Aku memperhatikan parasnya yang dibelai sinar matahari. Ia tak tampak terganggu
akan hawa panas yang menjilati kulit wajahnya seperti kebanyakan siswi lainnya yang terus
menyembunyikan wajah mereka dari sang penguasa siang sambil memprotes marah akibat
suhu lingkungan yang mereka nilai cukup panas. Sebaliknya, ia terlihat sangat menikmatinya.
Melihatnya seperti itu, beberapa orang mungkin akan berpikir bahwa selama ini ia terkurung
di dalam rumah berbahan dasar balok es milik Suku Eskimo yang mendiami wilayah Kutub
Utara.
Aku melihatnya untuk pertama kali pada bulan Febuari. Kala itu aku tengah
melarikan diri ke perpustakaan untuk menghindari seorang siswi yang terus mendekatiku
walau telah berulangkali kutegaskan ketidakmampuanku untuk mencintainya. Saat hendak
membaca, mataku menangkap sosoknya yang tengah menghirup wangi mawar merah di
taman yang terletak di depan perpustakaan. Rambut hitam panjangnya yang tergerai bebas
tampak bergoyang mengikuti arah angin.
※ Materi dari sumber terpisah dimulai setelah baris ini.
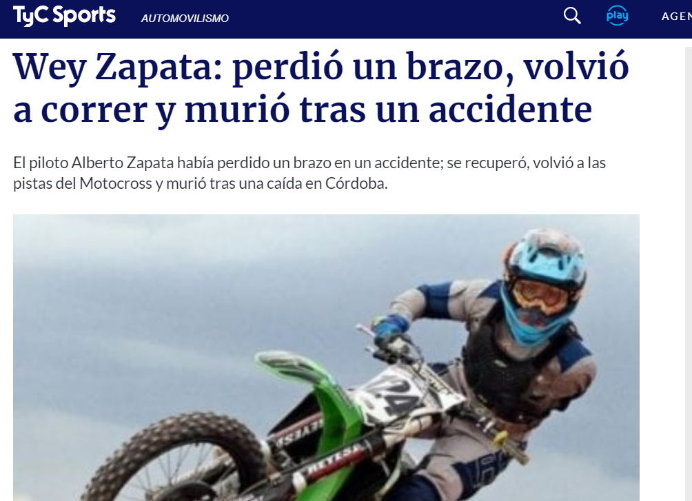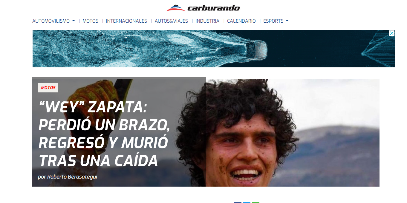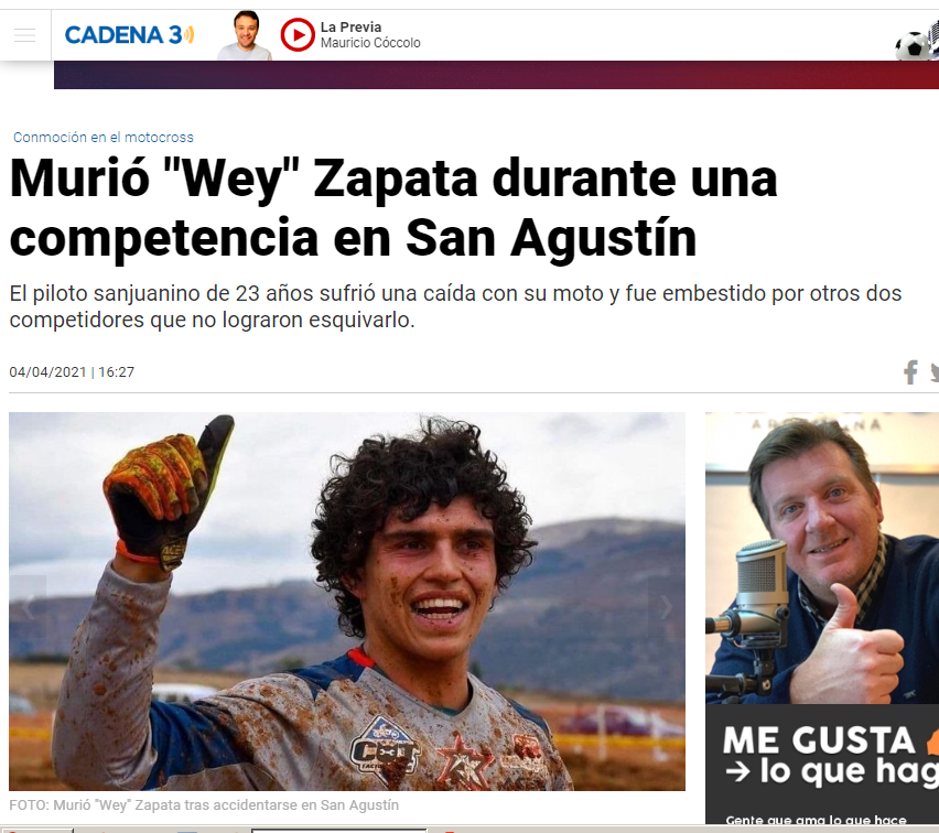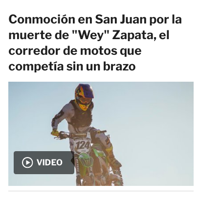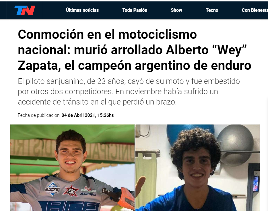 Diferentes portales de noticias se hicieron eco de la trágica muerte del sanjuanino Alberto "Wey" Zapata, quien sufrió una caída durante una carrera y falleció este domingo en la mañana.

Wajahnya merona merah akibat cuaca yang
lumayan dingin. Keberadaannya berhasil menyedot habis fokusku sehingga tak lagi
kupedulikan buku filsafat yang awalnya hendak kubaca. Saat sebuah senyum terpahat di
wajahnya, pikiranku langsung dipenuhi kesadaran bahwa jatuh cinta pada pandangan
pertama tak hanya terjadi dalam dongeng-dongeng Disney.
Sejak saat itu aku terus memperhatikannya. Kusadari bahwa aku juga lebih sering
melamun dengan sosoknya sebagai objek lamunanku. Tak kupedulikan nurani yang terus
memprotes marah. Mengusirnya dari tempat yang telah ia diami di dalam hatiku terlalu sukar
untuk dilakukan. Jadi aku lebih memilih untuk membiarkannya.
Aku sadar bahwa aku harus mempersembahkan cintaku sepenuhnya pada Tuhan
sebagai konsekuensi dari pilihanku menjadi seorang frater. Aku sendiri tak menyangka
bahwa dalam jalan menuju penyempurnaan imanku ini, aku akan memuja sosok lain selain
diri-Nya. Hal itu menenggelamkanku dalam pusaran dilema yang kemudian berujung pada
insomnia selama berbulan-bulan. Banyak cara kutempuh untuk memperjelas inginku yang
sesungguhnya,namun pencerahan seolah tak sudi mengetuk hati dan pikiranku sehingga aku
terus dibayangi ketidakpastian.
Terkadang aku mengutuk para ilmuwan yang tak kunjung berhasil menciptakan mesin
waktu. Sudah tentu aku tak perlu bimbang jikalau aku memiliki mesin waktu. Aku hanya
perlu kembali ke bulan Februari saat pertama kali aku melihatnya dan mencegah diriku
sendiri untuk pergi ke perpustakaan sehingga aku tak dapat melihatnya. Mudah,bukan??
.................................
Pagi ini aku berdiri mematung di koridor sekolah sembari mengamati aktivitas para
siswa. Sebagian besar dari mereka tampak membentuk kerumunan dan saling berbagi cerita.
Sebagiannya lagi tampak duduk menyendiri sambil menikmati belaian angin. Ada pula yang
terlihat tenggelam dalam novel yang mereka baca.
“Selamat pagi, Frater..” sapanya lembut. Aku yang masih belum pulih dari
keterkejutan tak sanggup bersuara. Aku hanya dapat tersenyum untuk membalas sapaannya.
“Saya dengar seminggu lagi masa top frater di sekolah ini akan habis. Saya harap jika
suatu saat nanti kita bertemu kembali, frater telah menjadi seorang imam. Saya berjanji akan
selalu berdoa agar frater senantiasa kuat dalam menjalani panggilan..” ujarnya bersemangat.
Tanpa menunggu reaksikku, ia kemudian melangkah pergi.
“Doaku untuk Tuhan akan menjadi wujud cintaku padamu..” bisikku pada angin yang
berhembus sambil menatap punggungnya untuk yang terakhir kali.